Aujourd’hui reconnu, le succès littéraire d’Anne Rice est resté longtemps controversé. Les critiques ont aussi bien loué son parcours que condamné sa prose populaire. Au plus fort de sa renommée, dans les années 1990, on estimait qu’un de ses livres était vendu dans le monde toutes les 24 secondes ; son éditeur lui a déjà avancé 17 millions de dollars pour trois romans. Des chroniques négatives de ses œuvres dans la presse généraliste américaine lui ont toutefois parfois donné l’envie de jeter l’éponge.
Relations tumultueuses avec l’Église
Mais auprès du public, notamment portée par le succès de l’adaptation cinématographique par Neil Jordan d’Entretien avec un vampire en 1994, Anne Rice gagne le cœur des amateurs de fantasy urbaine et gothique, mais aussi d’un lectorat gai. « Mon travail a toujours été d’évoquer des outsiders, des marginaux, et le lectorat gai est, semble-t-il, sensible à mon approche », expliquait, au milieu des années 2000, la romancière à Fugues. Sa popularité survivra aussi aux années 1990 : Lestat aura droit à sa comédie musicale en 2005, mise en musique par Elton John et Bernie Taupin, et, en juillet 2018, le site de vidéo à la demande américain Hulu a annoncé une série télé inspirée des Chroniques des vampires. Un projet encore en développement en décembre 2021.
L’œuvre d’Anne Rice est aussi traversée par la religion catholique, parfois même de façon envahissante. La romancière a longtemps entretenu une relation tumultueuse avec celle-ci et a même écrit, en 2005, Christ the Lord : Out of Egypt, un roman sur l’enfance de Jésus. Elevée dans la foi puis devenue athée à 18 ans, elle retourne sur les bancs des églises à l’âge adulte, en 1998. Pour finalement annoncer sur Facebook, en 2010, qu’elle en a fini avec l’Eglise. « Au nom du Christ, je refuse d’être antigaie. Je refuse d’être antiféministe. Je refuse d’être contre la contraception.
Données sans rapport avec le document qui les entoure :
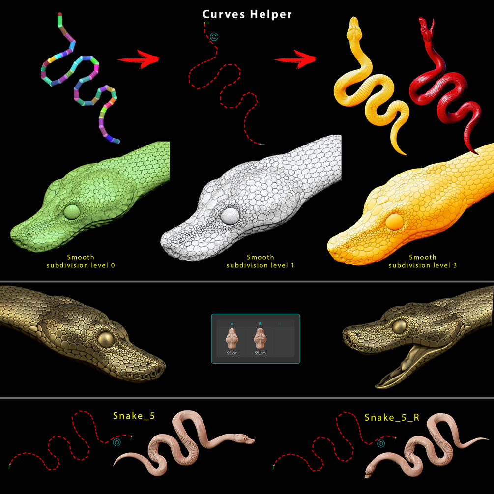 There is one peculiarity: you can add actual levels of subdivision (Tool>Geometry>Divide) only after separating the snake into a separate subtool, if this is not done the partitioning will not be smoothed!
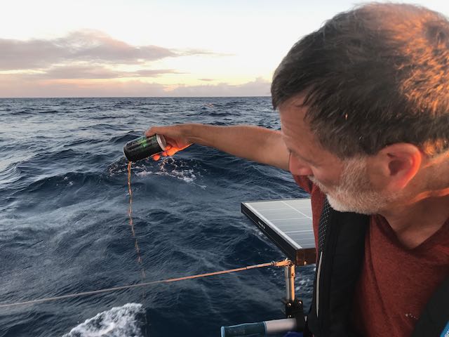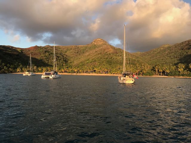 I’m on my last night watch before we reach the Marquesas in French Polynesia. It’s magical. A full moon in a clear night sky, 12-14 knots of wind with calm seas, warm air blowing, and I’m not seasick. Here’s to our Pacific Ocean crossing. Cheers!

Je refuse d’être antidémocrate. Je refuse d’être antiscience. Je refuse d’être antivie. Au nom du Christ, j’arrête le christianisme et d’être chrétienne. Amen. »
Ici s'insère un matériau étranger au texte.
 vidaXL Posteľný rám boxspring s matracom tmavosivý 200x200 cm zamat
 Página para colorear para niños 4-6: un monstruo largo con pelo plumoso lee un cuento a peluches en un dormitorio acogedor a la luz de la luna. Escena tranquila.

Au magazine Wired, en 2012, elle raconte : « J’avais le sentiment qu’en fin de compte, c’était un système de croyance très malhonnête et déshonorant, qu’il était fondé sur des contradictions, des absurdités et des mensonges, et que la grande majorité des chrétiens, à ma connaissance, ne connaissaient pas leur propre religion, ne connaissaient pas son histoire, ne connaissaient pas vraiment ses documents fondamentaux et ne voulaient pas en parler de façon critique. »
Hantée par les souvenirs
Ce divorce avec l’Eglise s’explique aussi par la complicité qu’elle entretient avec son fils, Christopher Rice, né en 1978, romancier, scénariste à Hollywood et militant LGBT +. Elle ira d’ailleurs le rejoindre en Californie après la mort, en 2002, de son mari, Stan, d’une tumeur au cerveau. Depuis la fin des années 1980, le couple s’était installé dans une opulente maison à La Nouvelle-Orléans, si chère au cœur d’Anne.
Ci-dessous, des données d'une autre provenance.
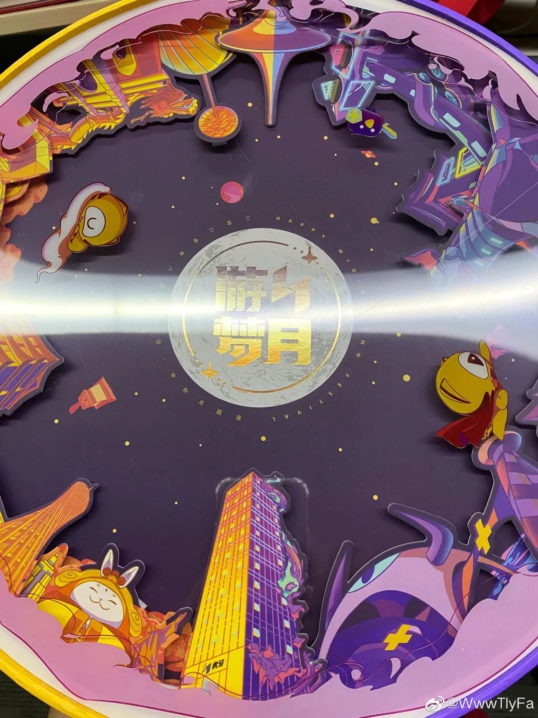 透光部分,巧妙结合纸灯上的绘画,一副是网易员工所在的城市地标,与火厉(网易游戏吉祥物)欢聚月光之下,尽显网聚人的力量。
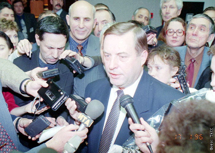 1996 год. Геннадий Селезнев общается с журналистами после избрания его председателем Государственной Думы.
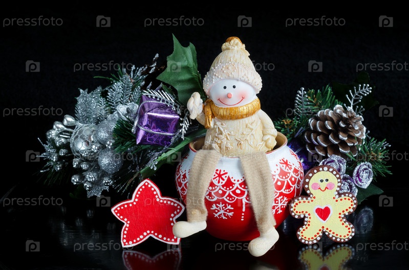 Игрушечный снеговик и рождественские украшения на черном фоне

Elle n’assistera pas à la désolation laissée par l’ouragan ravageur Katrina, en 2005. Un an plus tôt, au crépuscule de sa vie, elle s’est installée dans les contrées ensoleillées et désertiques de Palm Springs, de celles que fuiraient ses vampires adorés. Pour sa santé mais aussi parce que La Nouvelle-Orléans lui remémorait trop de souvenirs douloureux et la mort de ses proches. Elle n’y a plus jamais remis les pieds.